第127話 2020/2/18 免罪符とか

 本日は5時起き。なので朝からエアコンのフィルター掃除をして、確定申告の準備を少し始めて、あと米を炊いておかずの下準備をした。普通の生活をしている普通の人なら毎日やってるレベルの事なのだろうが、生憎と虫けらには、相当に思い切らないとここまでできない。と言うか、このレベルでもうヘトヘト感が漂っている。ふへへへ。今日一日無事に過ごせるだろうか。果たして。


 現在サン・ピエトロ大聖堂と言えば、バチカン随一の観光名所。しかし、そもそもはローマカトリック教会の総本山である。初代サン・ピエトロ大聖堂は4世紀から5世紀にかけて建築された建物だったが、その大規模な改築が開始されたのは16世紀に入ってから。現在見られる形にほぼ完成したのは17世紀も終わりの方だったらしい。

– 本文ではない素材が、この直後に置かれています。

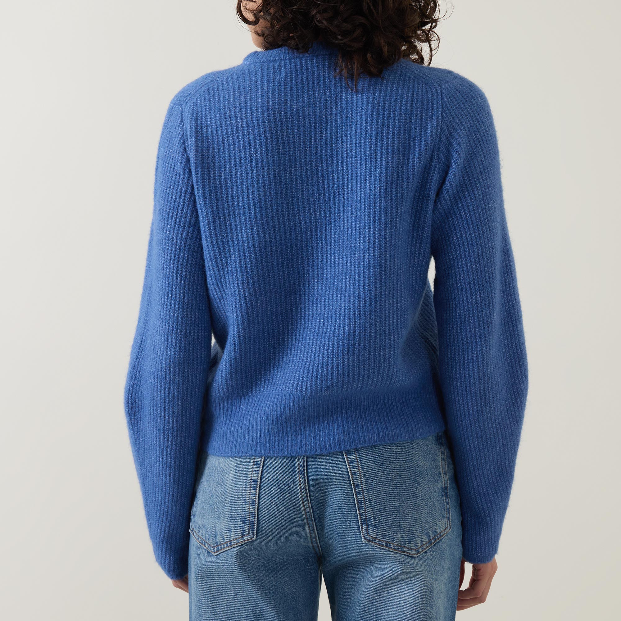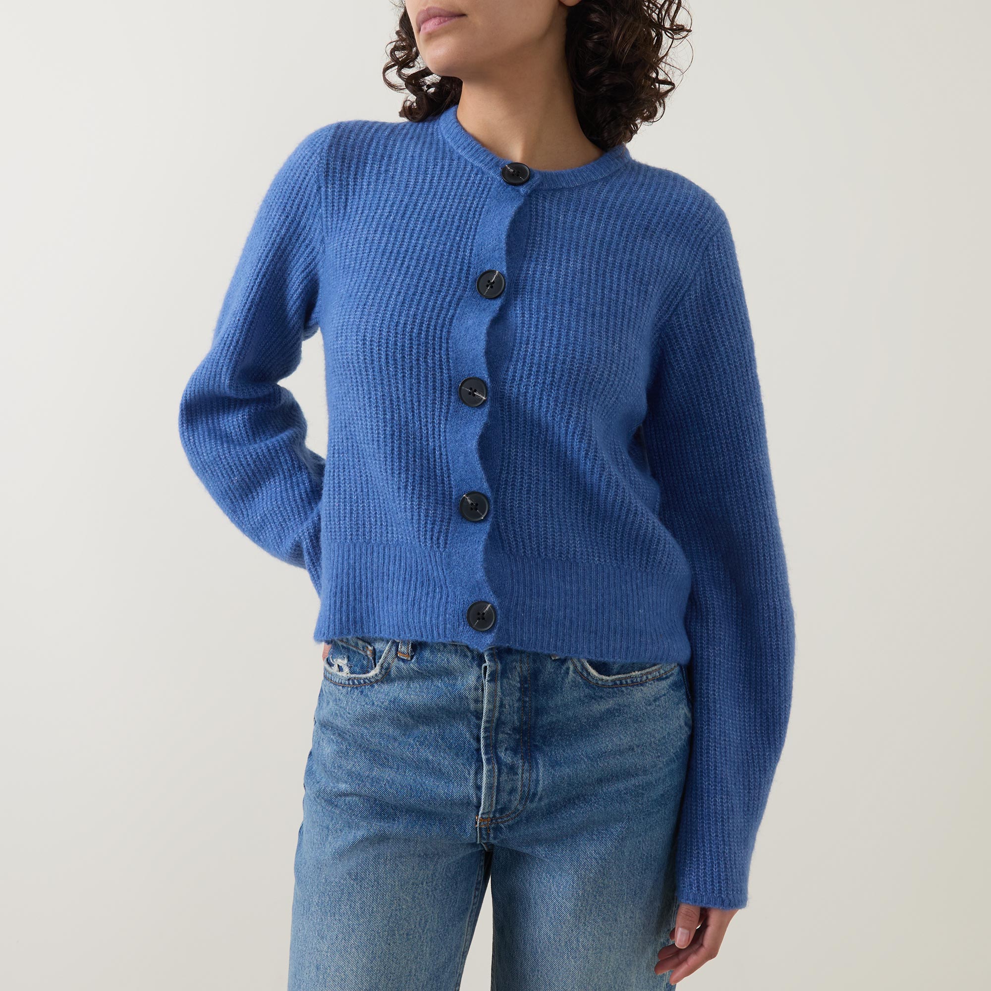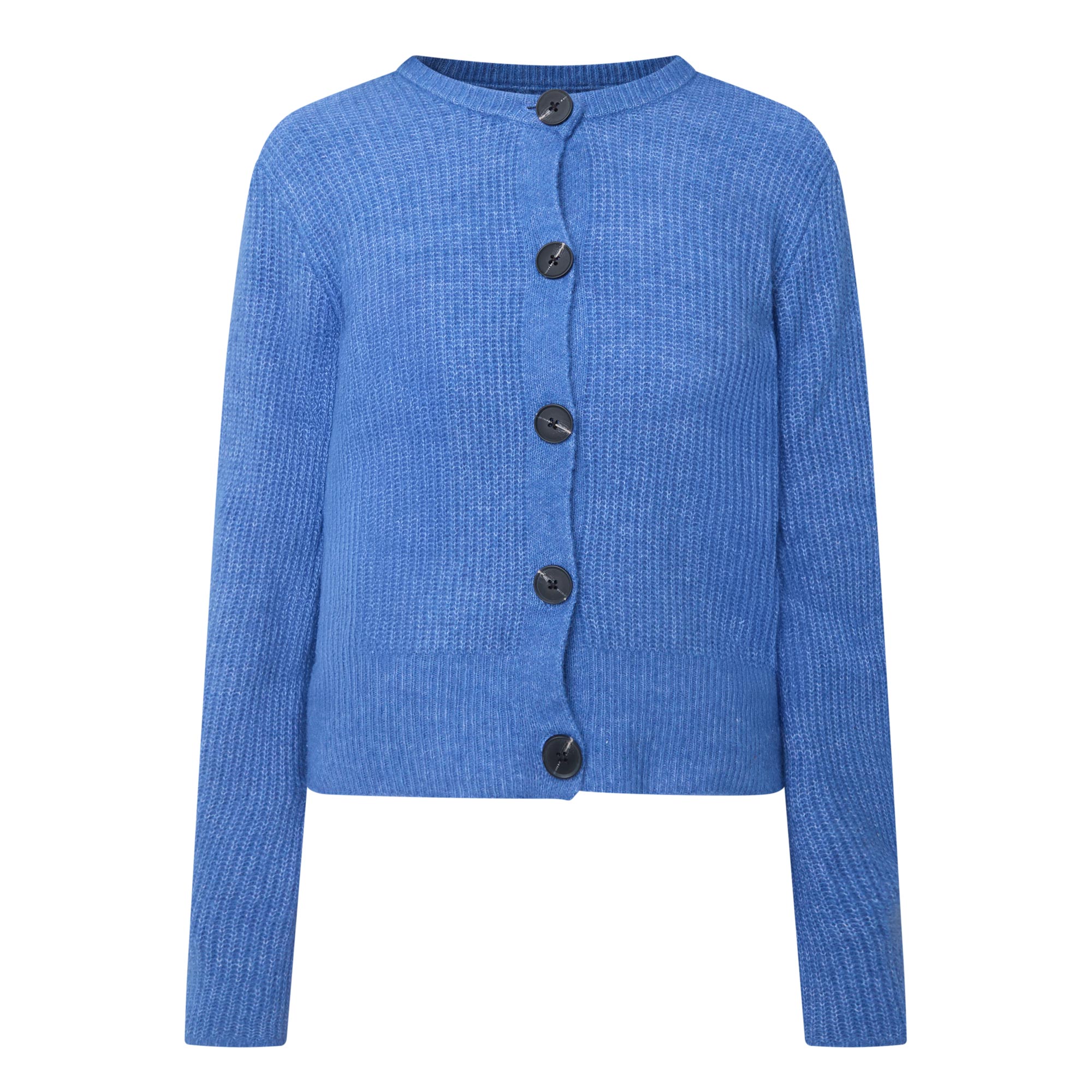 • Ribbed knit, round neck, long sleeves, button fastenings, straight hemline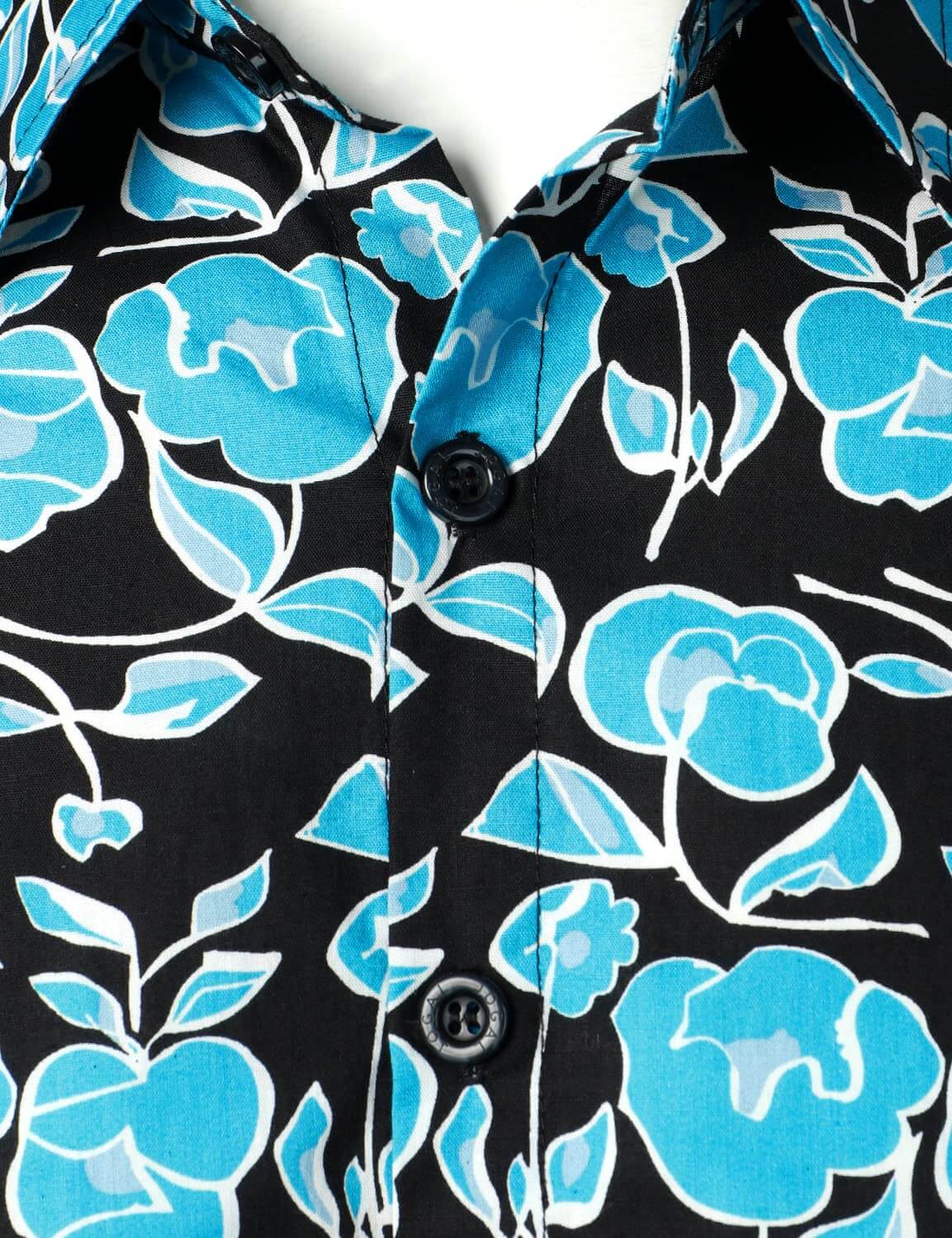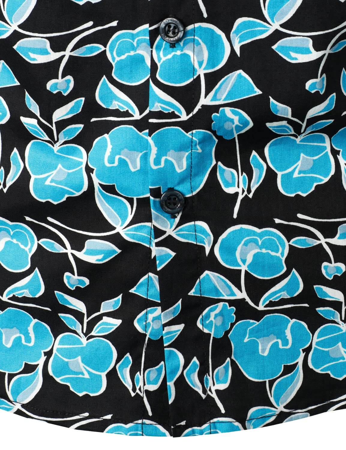 Men's Casual Floral Button Up Summer Beach Black Short Sleeve Shirt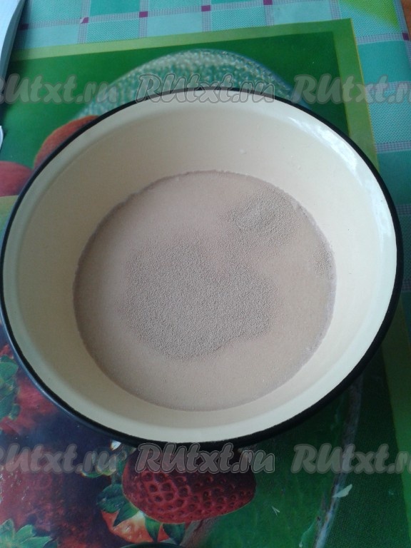 Молоко нужно подогреть, чтобы было теплым, но не горячим, добавить дрожжи и хорошо перемешать.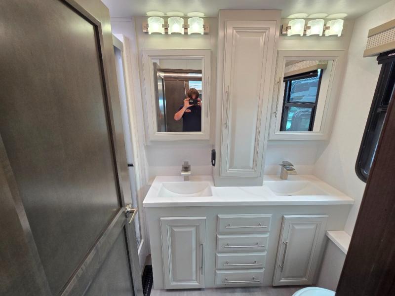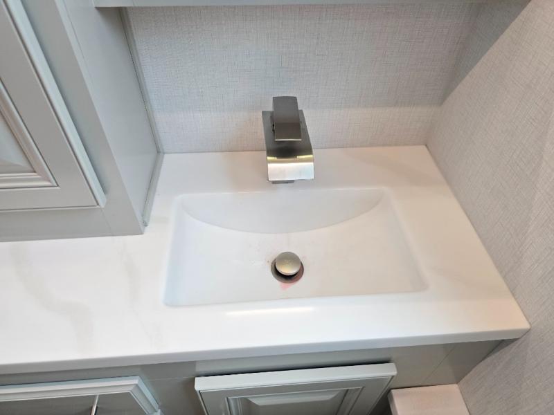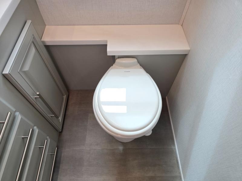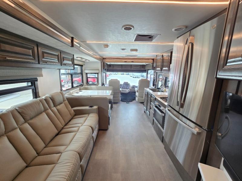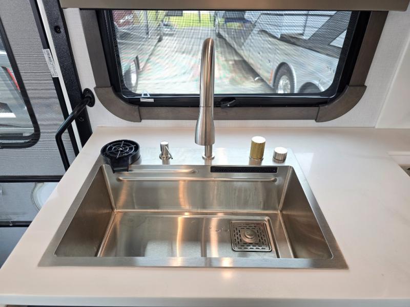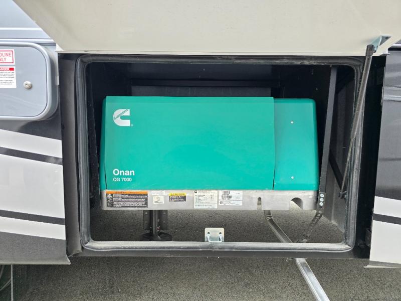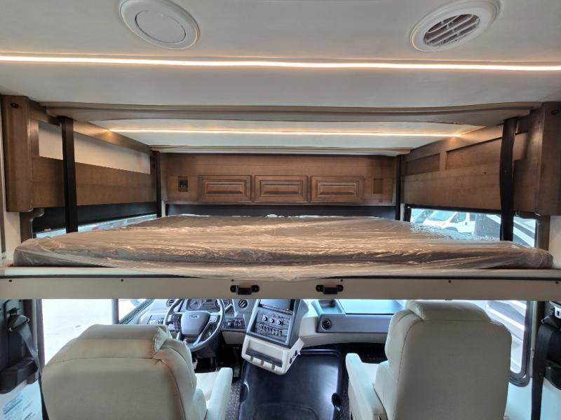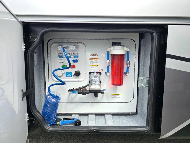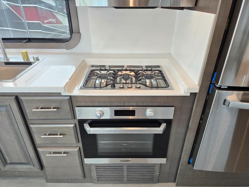 Comfort and convenience is found all throughout this motorhome! Starting with the full rear master bath that has a shower with a seat and a dual sink vanity, plus it leads into the private bedroom. Inside the bedroom is a 72" x 80" Power Tilt king bed slide with overhead cabinets across from a dresser with overhead cabinets and a 32" LED TV, a wardrobe, and another wardrobe that is prepped to add an optional stackable washer and dryer. The half bathroom is conveniently near the fully equipped kitchen so you can get back to creating your best home cooked meals fast. Relax in true comfort each night by either playing games at the booth dinette or on the theater seating that comes with power recline, heat, and massage!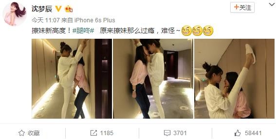 沈梦辰微博爆图腿咚女闺密,攻气十足,掀起撩妹新高度!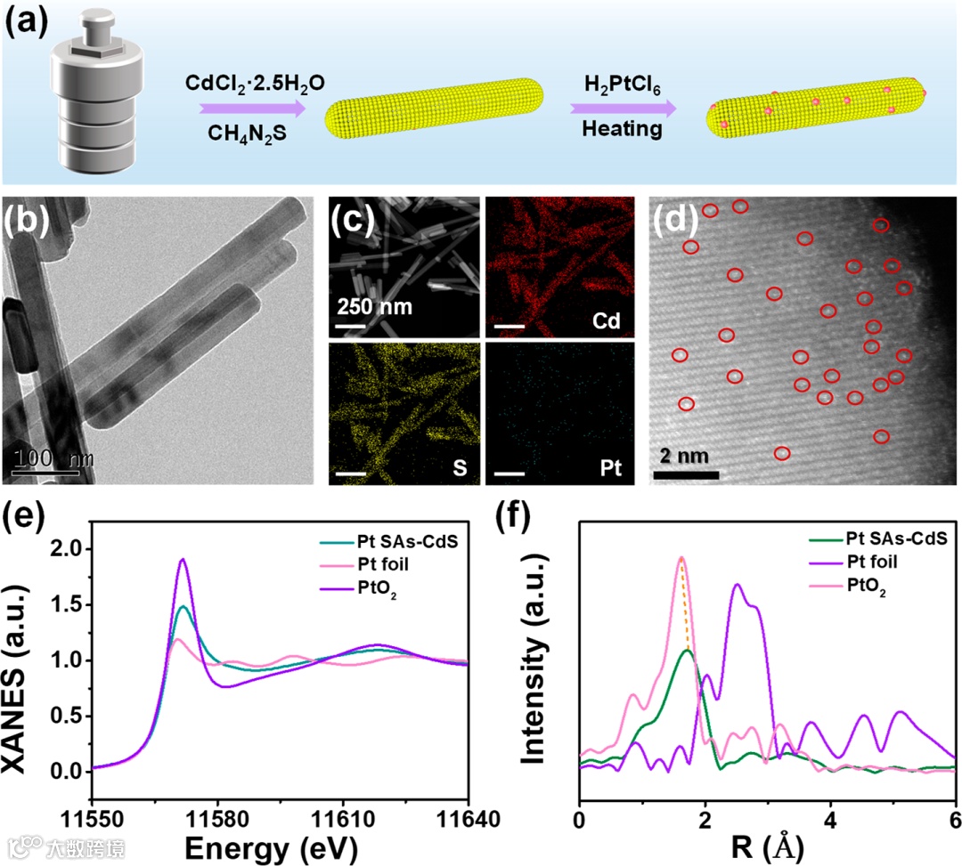 图1. Pt SAs-CdS 的合成步骤和单原子的电镜及同步辐射表征。

 ローマカトリック教会は当時の欧州世界では中心といって良い存在であったが、それでも魔法が使えるわけではない。サン・ピエトロ大聖堂の大規模改修工事は教会の予算を圧迫した。このとき教会はどうしたか。市民から金を集めたのである。しかし教会の中に売る物など、そう大してない。ではどうやって多額の金を集めたのかと言えば、かの有名な『免罪符』を乱発したのだ。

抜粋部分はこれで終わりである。